Directions: Could you please reproduce all the records below exactly, leaving out the images?

Provided data:

----

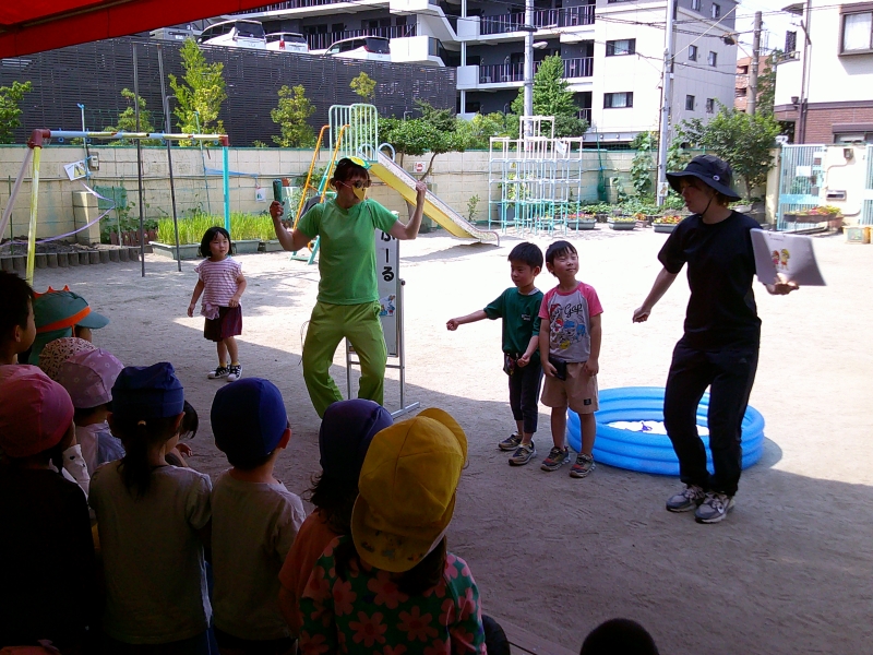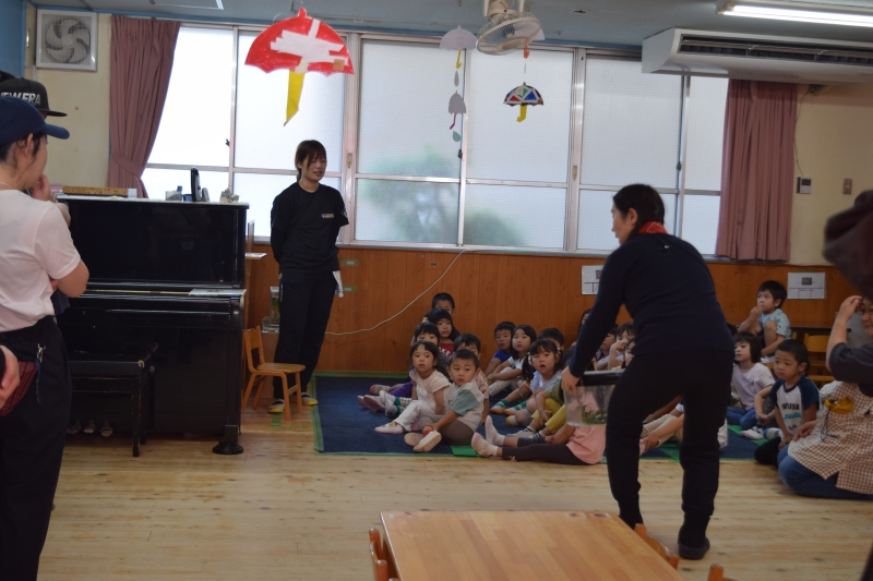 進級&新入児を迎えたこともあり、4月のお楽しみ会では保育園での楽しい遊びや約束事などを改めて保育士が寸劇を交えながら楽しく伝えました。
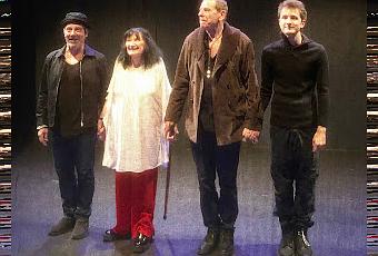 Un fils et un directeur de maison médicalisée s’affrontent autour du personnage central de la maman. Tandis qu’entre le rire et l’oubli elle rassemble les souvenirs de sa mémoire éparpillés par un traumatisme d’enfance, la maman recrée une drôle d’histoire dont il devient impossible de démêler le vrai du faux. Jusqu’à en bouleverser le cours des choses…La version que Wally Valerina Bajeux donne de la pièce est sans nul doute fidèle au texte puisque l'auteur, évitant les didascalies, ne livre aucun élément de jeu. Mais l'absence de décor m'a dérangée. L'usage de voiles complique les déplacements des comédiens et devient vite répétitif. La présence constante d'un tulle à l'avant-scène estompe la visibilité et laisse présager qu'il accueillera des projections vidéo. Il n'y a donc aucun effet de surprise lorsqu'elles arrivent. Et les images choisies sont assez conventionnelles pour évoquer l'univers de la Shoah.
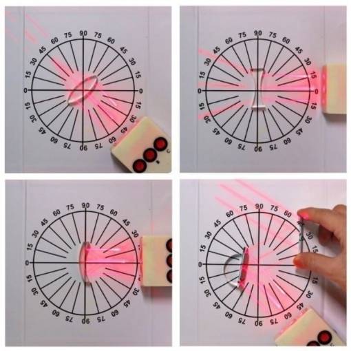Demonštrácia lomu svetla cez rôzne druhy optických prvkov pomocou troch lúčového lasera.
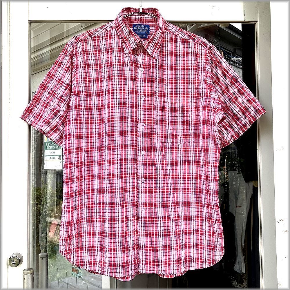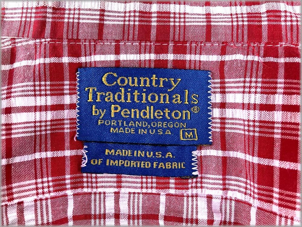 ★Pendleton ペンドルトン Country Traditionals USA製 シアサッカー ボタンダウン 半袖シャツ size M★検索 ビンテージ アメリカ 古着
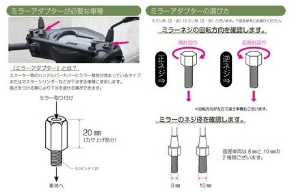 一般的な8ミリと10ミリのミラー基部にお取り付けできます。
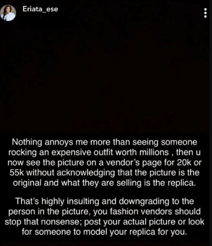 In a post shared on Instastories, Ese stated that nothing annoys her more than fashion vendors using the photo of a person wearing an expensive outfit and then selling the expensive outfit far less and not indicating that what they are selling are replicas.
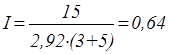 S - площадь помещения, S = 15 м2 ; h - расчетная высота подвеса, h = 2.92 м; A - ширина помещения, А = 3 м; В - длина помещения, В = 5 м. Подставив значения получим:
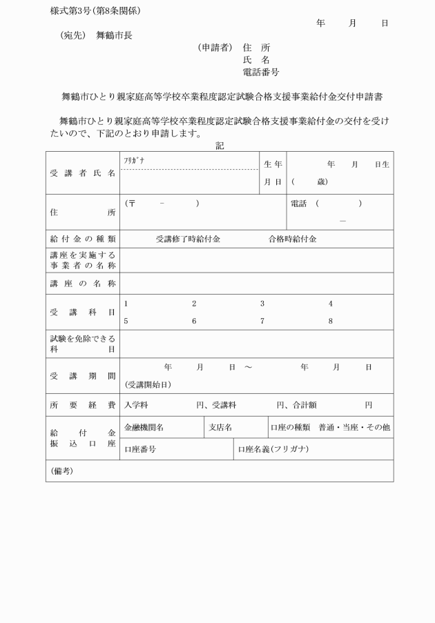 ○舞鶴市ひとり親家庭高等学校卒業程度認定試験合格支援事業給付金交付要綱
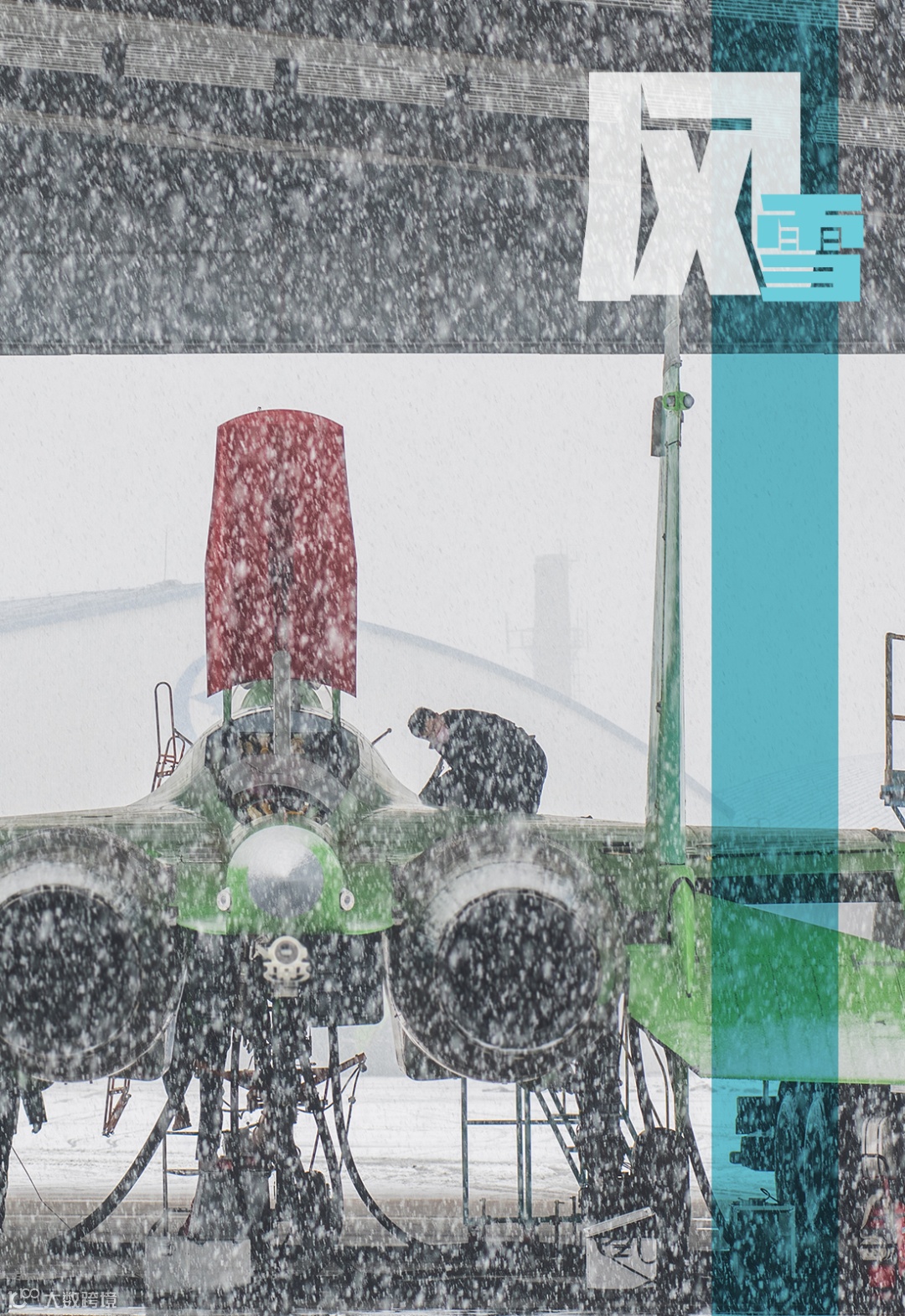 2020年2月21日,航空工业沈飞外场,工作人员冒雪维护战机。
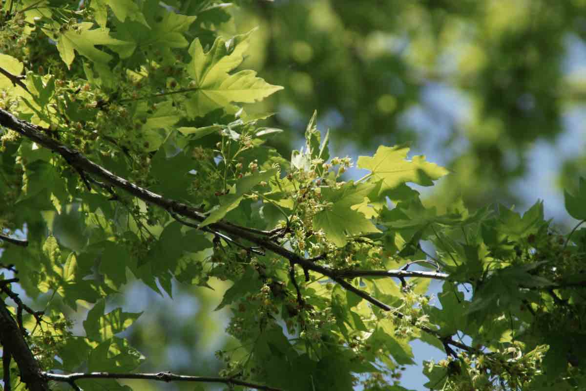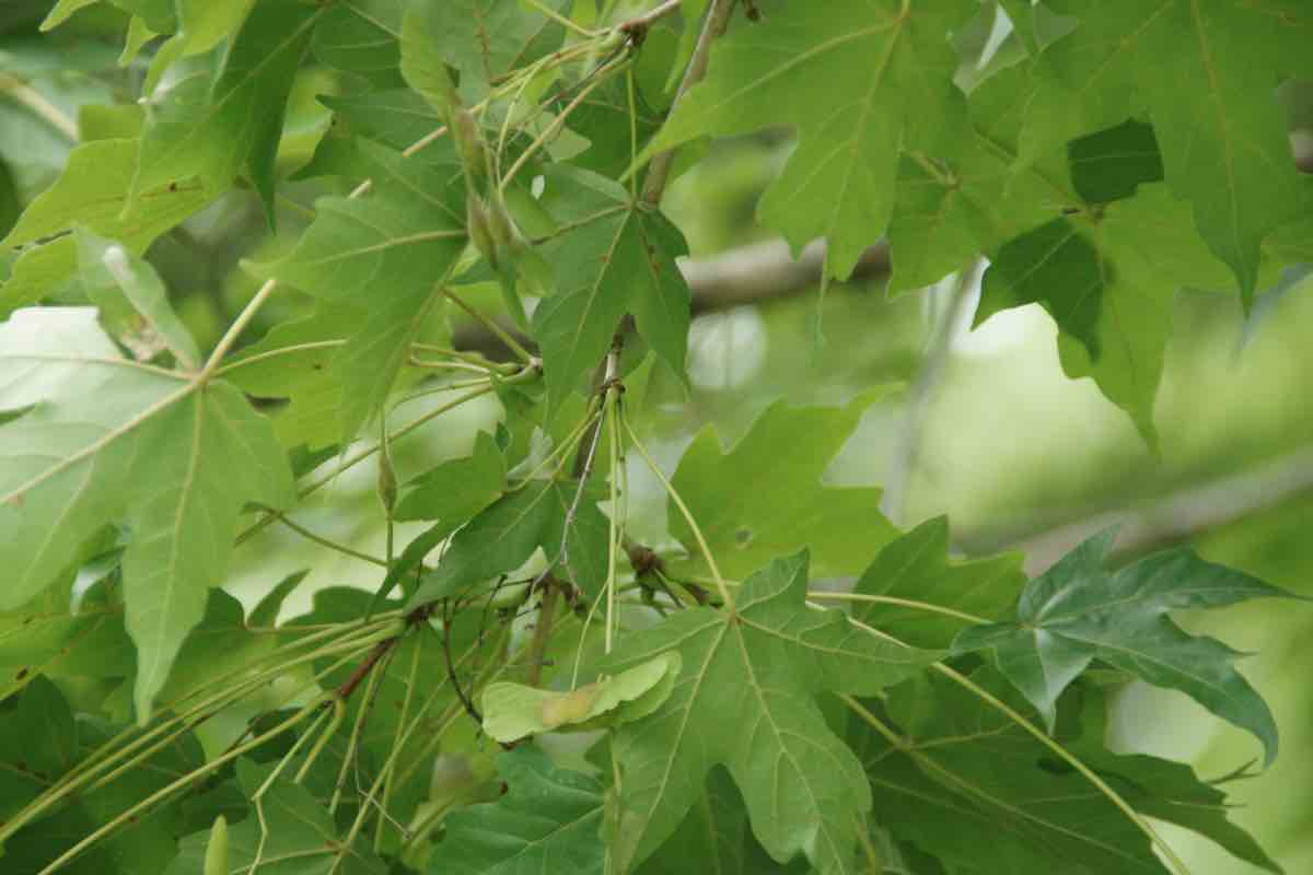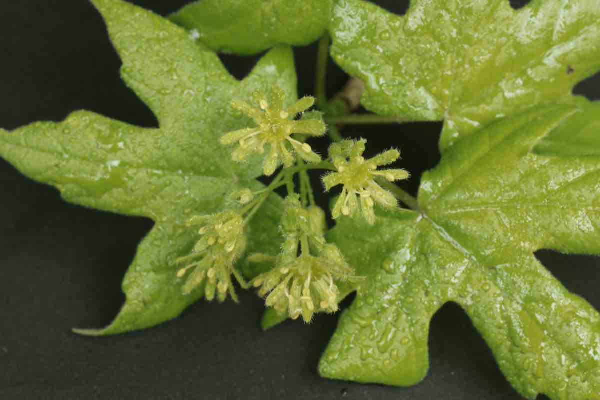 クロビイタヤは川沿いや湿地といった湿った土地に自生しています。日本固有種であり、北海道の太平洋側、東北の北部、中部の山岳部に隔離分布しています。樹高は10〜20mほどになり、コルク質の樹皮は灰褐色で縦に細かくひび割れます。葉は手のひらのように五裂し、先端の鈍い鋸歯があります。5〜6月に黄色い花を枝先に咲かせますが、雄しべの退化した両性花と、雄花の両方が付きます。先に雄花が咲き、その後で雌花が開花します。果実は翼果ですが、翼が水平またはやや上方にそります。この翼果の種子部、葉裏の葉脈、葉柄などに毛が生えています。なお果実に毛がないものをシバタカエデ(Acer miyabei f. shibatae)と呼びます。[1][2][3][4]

----

Task solution:
 進級&新入児を迎えたこともあり、4月のお楽しみ会では保育園での楽しい遊びや約束事などを改めて保育士が寸劇を交えながら楽しく伝えました。
 Un fils et un directeur de maison médicalisée s’affrontent autour du personnage central de la maman. Tandis qu’entre le rire et l’oubli elle rassemble les souvenirs de sa mémoire éparpillés par un traumatisme d’enfance, la maman recrée une drôle d’histoire dont il devient impossible de démêler le vrai du faux. Jusqu’à en bouleverser le cours des choses…La version que Wally Valerina Bajeux donne de la pièce est sans nul doute fidèle au texte puisque l'auteur, évitant les didascalies, ne livre aucun élément de jeu. Mais l'absence de décor m'a dérangée. L'usage de voiles complique les déplacements des comédiens et devient vite répétitif. La présence constante d'un tulle à l'avant-scène estompe la visibilité et laisse présager qu'il accueillera des projections vidéo. Il n'y a donc aucun effet de surprise lorsqu'elles arrivent. Et les images choisies sont assez conventionnelles pour évoquer l'univers de la Shoah.
Demonštrácia lomu svetla cez rôzne druhy optických prvkov pomocou troch lúčového lasera.
 ★Pendleton ペンドルトン Country Traditionals USA製 シアサッカー ボタンダウン 半袖シャツ size M★検索 ビンテージ アメリカ 古着
 一般的な8ミリと10ミリのミラー基部にお取り付けできます。
 In a post shared on Instastories, Ese stated that nothing annoys her more than fashion vendors using the photo of a person wearing an expensive outfit and then selling the expensive outfit far less and not indicating that what they are selling are replicas.
 S - площадь помещения, S = 15 м2 ; h - расчетная высота подвеса, h = 2.92 м; A - ширина помещения, А = 3 м; В - длина помещения, В = 5 м. Подставив значения получим:
 ○舞鶴市ひとり親家庭高等学校卒業程度認定試験合格支援事業給付金交付要綱
 2020年2月21日,航空工业沈飞外场,工作人员冒雪维护战机。
 クロビイタヤは川沿いや湿地といった湿った土地に自生しています。日本固有種であり、北海道の太平洋側、東北の北部、中部の山岳部に隔離分布しています。樹高は10〜20mほどになり、コルク質の樹皮は灰褐色で縦に細かくひび割れます。葉は手のひらのように五裂し、先端の鈍い鋸歯があります。5〜6月に黄色い花を枝先に咲かせますが、雄しべの退化した両性花と、雄花の両方が付きます。先に雄花が咲き、その後で雌花が開花します。果実は翼果ですが、翼が水平またはやや上方にそります。この翼果の種子部、葉裏の葉脈、葉柄などに毛が生えています。なお果実に毛がないものをシバタカエデ(Acer miyabei f. shibatae)と呼びます。[1][2][3][4]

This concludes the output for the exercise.